═════ DATA PROVIDED

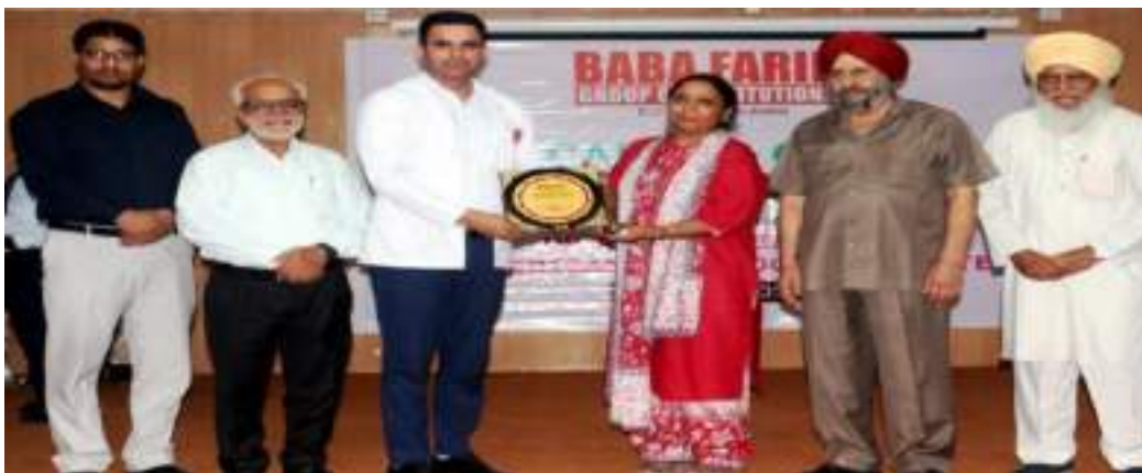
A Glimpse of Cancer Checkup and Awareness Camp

══════════
═════ DATA PROVIDED

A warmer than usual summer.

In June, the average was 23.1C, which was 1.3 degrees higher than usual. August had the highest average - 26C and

══════════
═════ DATA PROVIDED

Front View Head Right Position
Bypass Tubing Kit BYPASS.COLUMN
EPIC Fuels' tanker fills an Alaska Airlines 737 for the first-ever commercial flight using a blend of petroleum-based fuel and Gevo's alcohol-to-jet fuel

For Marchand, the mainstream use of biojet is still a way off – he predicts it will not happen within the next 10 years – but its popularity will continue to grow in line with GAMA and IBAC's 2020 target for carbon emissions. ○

══════════

PROBLEM DETAILS: Pick each line holding the word "usual" out of the listing.

PROBLEM SOLUTION:
A warmer than usual summer.
In June, the average was 23.1C, which was 1.3 degrees higher than usual. August had the highest average - 26C and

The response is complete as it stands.